Lawrence J M Allen
Frederick W Kimber
Douglas William Lane Nichols
Bertram Alec Reader
John H Roberts
H Bay Ryley
Charles B Sach
Ivor A While
Each walked up the Emanuel School drive, out into the world of the unknown. Most young people have this feeling when they leave school; it is part of the transition from childhood to adulthood. Many young Emanuel students lie under the fields of the French countryside with no cross or stone marking where they fell. Eleven of them were united in life by their place of education and now they are united in death by being remembered on the Thiepval Memorial to the missing which towers above the Somme.
Rising from their desks after a lesson they would soon be rising from the trenches. A scrum on the rugger field would soon be a scrum to capture an enemy objective through thick mud and pools of water. A history lesson on Wellington’s men at Waterloo would soon become a reality. At one moment their homework was learning the geography of the British Empire, the next it was defending it. They were transformed from schoolboys to soldiers within a few months.
They witnessed a life that few generations share before the engraver carved their names into the memory of European History?
On Sunday 15 September 2013 spare a thought for Bertram Alec Reader who was killed on that day in 1916 at High Wood during the Battle of the Somme. In one letter this young man wrote, “I have undergone the various emotions caused by war, have seen most things that happen in war and don’t think much of it…War is a rotten game”.
Ivor Austin While wrote, “The great thing that strikes me here is the cheerfulness of the Tommies. They march all day, are on fatigue, and in the night go on working parties to dig trenches and yet they are cheerful. None like the war, but we have never had a single case of discontent”.
After Bay Ryley was killed at Delville Wood on 5 September 1916 leading his men in an attack, his father, who had been Headmaster at Emanuel between 1906-1913, returned from America where he left a few years previously and in a letter wrote, “Perhaps you would like to add my name to the ‘Portcullis’ Pro Patria List…if so I am now a Lieutenant of the above regiment (Suffolks). I wish my name could go next to my dear old ‘Bay’s’…I was over at Emanuel yesterday to…look at the place for what, I doubt not, will be the last time…I have been ordered to hold myself in readiness to go to the Front at short notice. There I shall be at first on ‘lines of communication,’ but I mean to wriggle up into the trenches somehow, somewhere…Bay’s sword was recovered and my mother has it now, thank goodness.” Harold Buchanan Ryley was killed in Palestine on 15 December 1917.

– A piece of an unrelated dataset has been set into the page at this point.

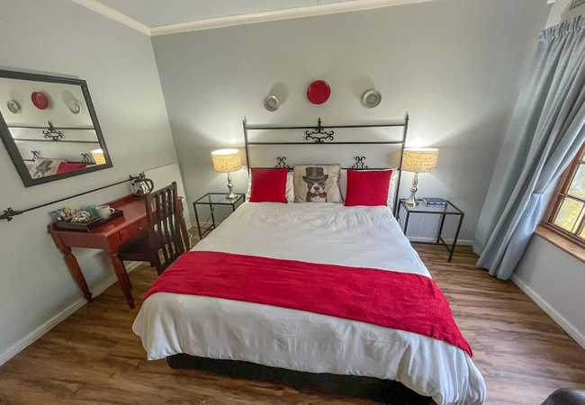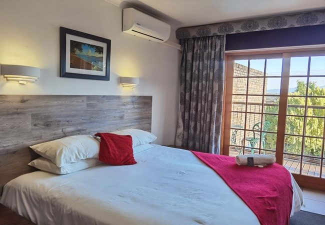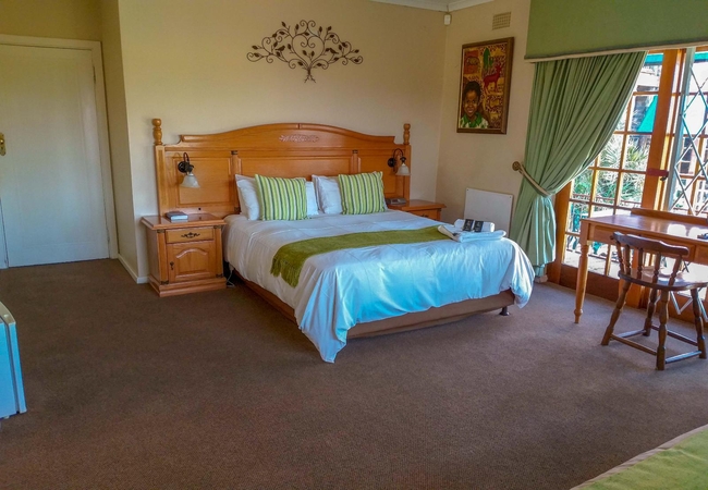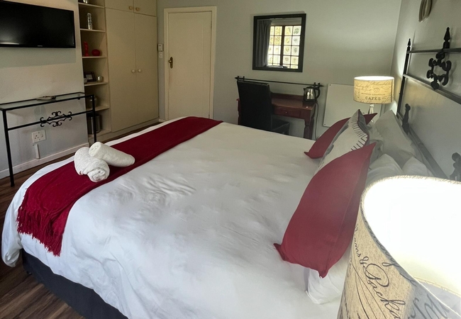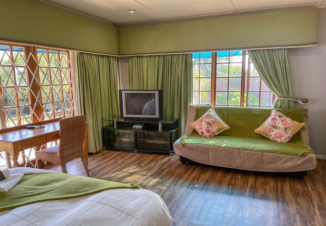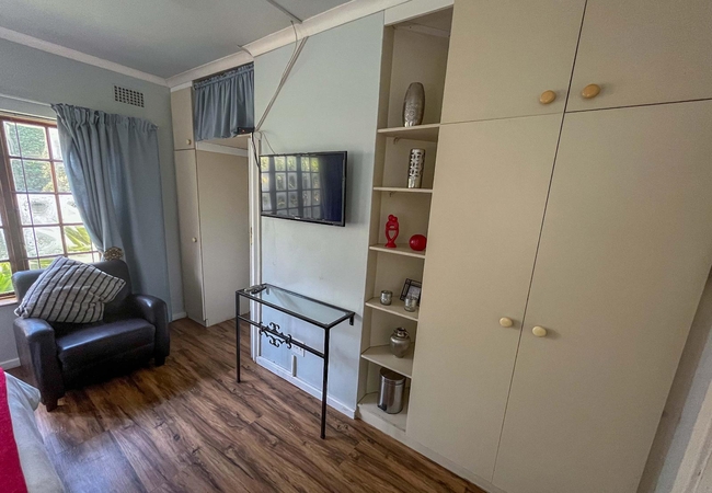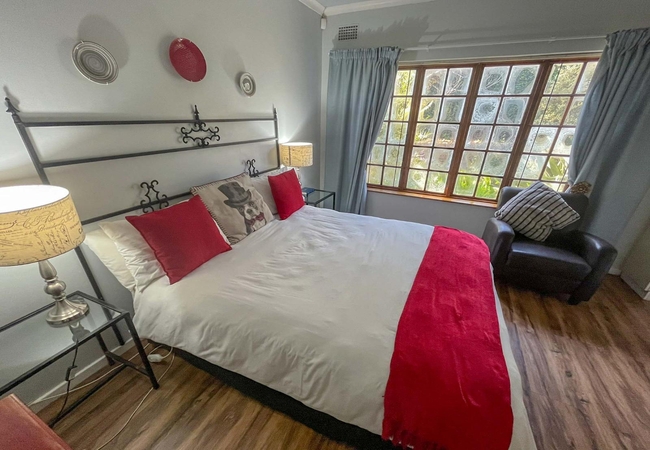 Swallow’s Nest is a cozy and versatile unit, perfect for couples, friends, or a small family. It comfortably sleeps three with a split-king bed (which can be arranged as twins) and an additional single bed. Located outside the main house, it offers a private entrance and overlooks a wooden deck with views of the distant hills. Conveniently situated near parking and gardens, the unit also includes a patio for relaxing outdoors. Amenities include Wi-Fi, a TV with DSTV/Satellite channels, a desk, daily cleaning service, and bathroom amenities with a shower only. Guests also have access to an iron and ironing board, coffee and tea facilities, and a refrigerator. The unit is non-smoking, ensuring a fresh and welcoming atmosphere.
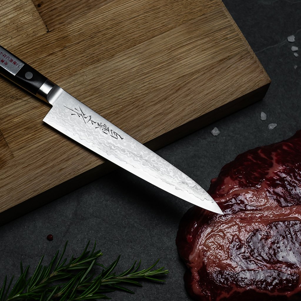 Japonský kuchyňský nůž Petty s damaškovým vzorem VG10 MIKI HAMONO SEISAKUSHO - 150 mm

A School party from England broke the silence when I stood on the steps of the Thiepval Memorial in January and at that moment I wondered what they made of the long lists of names of young people not much older than themselves when they fell, but who shall remain forever young not having known old age.
A name is a vacuum without a face and a story, which brings colour to the white memorial tablets. That is why I want to end the eleven Emanuel boys’ anonymity and let them be the young men they once were so future generations can visit the Memorial and see Alec, Bay, Charles, Douglas, Frederick, Gilbert, Ivor, the two Johns, Lawrence, Louis and William as they were; young men full of life, dreams and hopes, cruelly cut down in youth by a savage war.
They were Emanuel boys; they were sons; brothers; uncles; cousins. Their bodies remain missing but their memory is secure in the Emanuel family.